According to recent reports, NASA is currently looking into ways to farm on Mars to support humans that will become inhabitants of the Red Project by 2030. The task is daunting as the scientists will have to find ways to overcome gravity, radiation, low surface pressure and sunlight issues.

Mars One, a Netherland-based company is currently working on a Mission to establish human settlements on Mars. The company plans on offering a select group of people a one way ticket to the Red Planet. And to support these people, NASA is presently looking for ways to grow crops on the planet that will provide food for the future inhabitants of Mars.

While it is possible to grow crops in the Martian soil, it will be a daunting task, posing many challenges and labor-intensive tasks.

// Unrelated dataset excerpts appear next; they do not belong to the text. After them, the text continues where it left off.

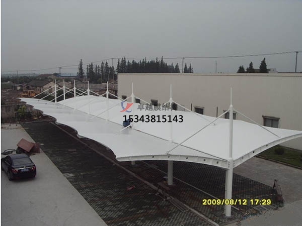 (6)膜結(jié)構(gòu)工期短。膜片的裁剪、鋼索及鋼結(jié)構(gòu)等的制作均在工廠完成,減少現(xiàn)場(chǎng)施工時(shí)間,可與下部鋼筋混凝土結(jié)構(gòu)或構(gòu)件等同時(shí)進(jìn)行,避免施工交叉,在施工現(xiàn)場(chǎng)只是鋼索、鋼結(jié)構(gòu)及膜片的連接安裝定位及張拉的過(guò)程,故現(xiàn)場(chǎng)施工安裝、迅速快捷,相對(duì)傳統(tǒng)建筑工程工期較短。
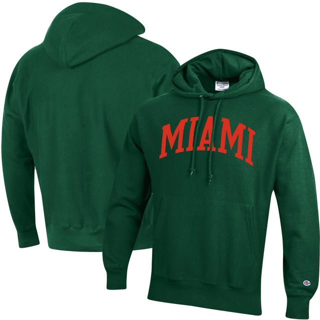 Men's Champion Green Miami Hurricanes Team Arch Reverse Weave Pullover Hoodie
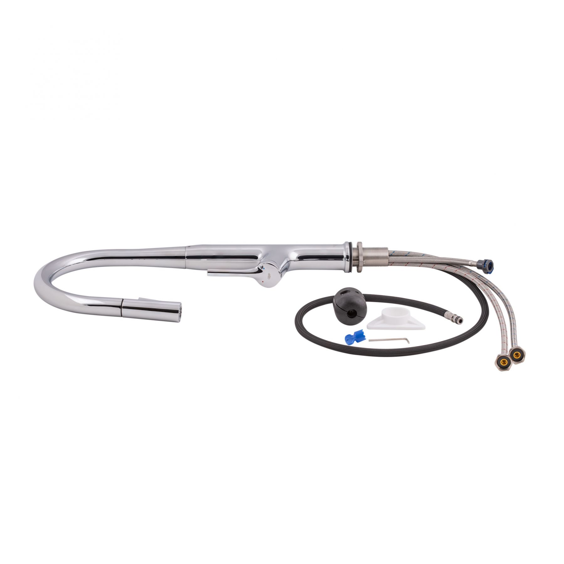 Комплектация:Смеситель. гибкий подвод. шланг для выдвижной воронки. ключ для аэратора. якорь. крепежные детали.

"One of the things that every gardener on the planet will know is producing food is hard - it is a non-trivial thing," Penelope Boston, director of the Cave and Karst Studies program at New Mexico Institute of Mining and Technology, said May 7 at the Humans 2 Mars Summit at the George Washington University. "Up until several hundred years ago it occupied most of us for most of the time."

Initial studies have proved that growing crops is possible on the Red planet. However, scientists worry if Earthly plants will be able to survive in the microgravity conditions of Mars. Moreover, Mars receives only half the sunlight that Earth receives and providing supplementary sunlight would mean suing more power, making the process even more intimidating.

 The planet's surface pressure is also very low. According to Robert Ferl, director of the Interdisciplinary Center for Biotechnology Research at the University of Florida, the job at hand for NASA currently is to find out if plants can grow at lower surface pressures.  

NASA Curiosity rover readings also suggest that astronomers living on Mars would be exposed to high levels of radioactivity, which can be risky. Since the Red planet retains only a small part of its atmosphere, radioactive elements keep bombarding the planet's surface, exposing the humans and plants there to radioactive poisoning.

NASA says that the initial days on Mars would replicate the initial days on Earth when people focused simply on survival; growing food and preventing illnesses.  According to an earlier report, more than 80,000 people have already signed up to win a chance to become a permanent resident of the Red Planet, even after being made aware of the living conditions there.